Source files: - src/c/phasic_symbolic.c (functions: ptd_graph_symbolic_elimination, ptd_graph_symbolic_instantiate, ptd_graph_symbolic_instantiate_batch) - api/c/phasic.h (types: ptd_graph_symbolic, ptd_vertex_symbolic, ptd_edge_symbolic)

Definitions

Recall (Definition 7.1). Vertex elimination of v \in V removes v from G and adds, for each parent u and child z, a bypass edge (u \to z) with weight w'(u \to v) \cdot w'(v \to z), merging with existing edges and renormalizing the parent’s outgoing probabilities.

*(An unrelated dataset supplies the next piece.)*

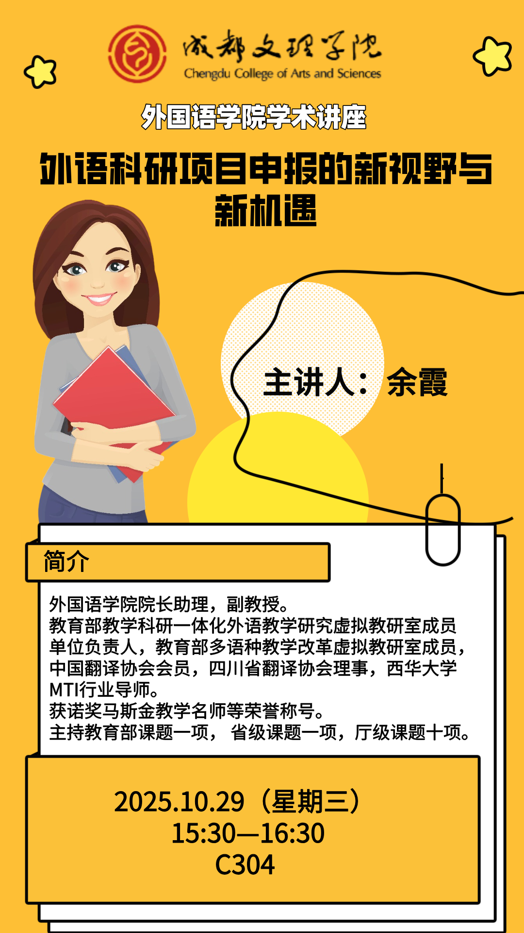 讲座预告:外语科研项目申报的新视野与新机遇

Self-loops created during elimination are resolved by scaling the parent’s vertex scalar by 1/(1-p) where p is the self-loop probability.

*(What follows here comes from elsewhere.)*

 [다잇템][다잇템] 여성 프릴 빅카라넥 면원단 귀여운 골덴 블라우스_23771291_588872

Definition 12.1 (Symbolic graph) A symbolic graph is a tuple G_{\mathrm{sym}} = (V, E_{\mathrm{sym}}, k) where:

  • V is the set of vertices (identical to the vertex set of the original graph),
  • E_{\mathrm{sym}} is a set of symbolic edges, where each edge (v \to z) \in E_{\mathrm{sym}} carries an expression tree \mathcal{E}_{v \to z} (Definition 11.1) representing the transition probability as a function of \boldsymbol{\theta} \in \mathbb{R}^k,
  • each vertex v carries a rate expression \mathcal{E}_v^{\mathrm{rate}} representing 1/\lambda_v(\boldsymbol{\theta}), the inverse of the total outgoing rate,
  • k is the parameter dimension.

The symbolic graph is acyclic: the subgraph induced by the transient vertices contains no directed cycles.

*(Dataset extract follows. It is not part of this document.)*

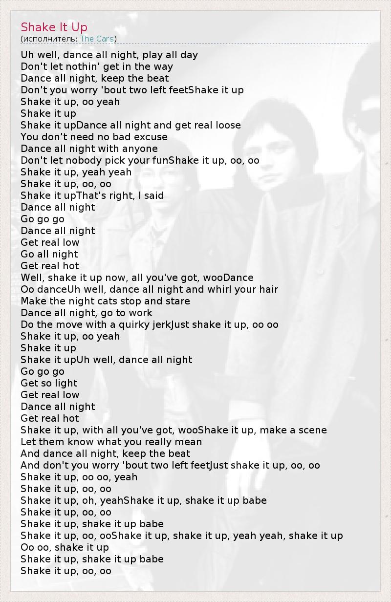Shake it up, oo, ooShake it up, shake it up, yeah yeah, shake it up

Intuition A symbolic graph is the result of performing graph elimination symbolically. Where a concrete graph stores numeric edge weights, a symbolic graph stores expression trees that evaluate to those weights given a parameter vector. The graph structure (which vertices connect to which) is fixed; only the edge weights vary with \boldsymbol{\theta}.
Example For a two-state coalescent parameterized by rate \theta_1, the symbolic graph after elimination might have an edge from v_0 to the absorbing vertex with probability expression \texttt{Const}(1.0) and a rate expression \texttt{Inv}(\texttt{Param}(1)) (representing expected waiting time 1/\theta_1).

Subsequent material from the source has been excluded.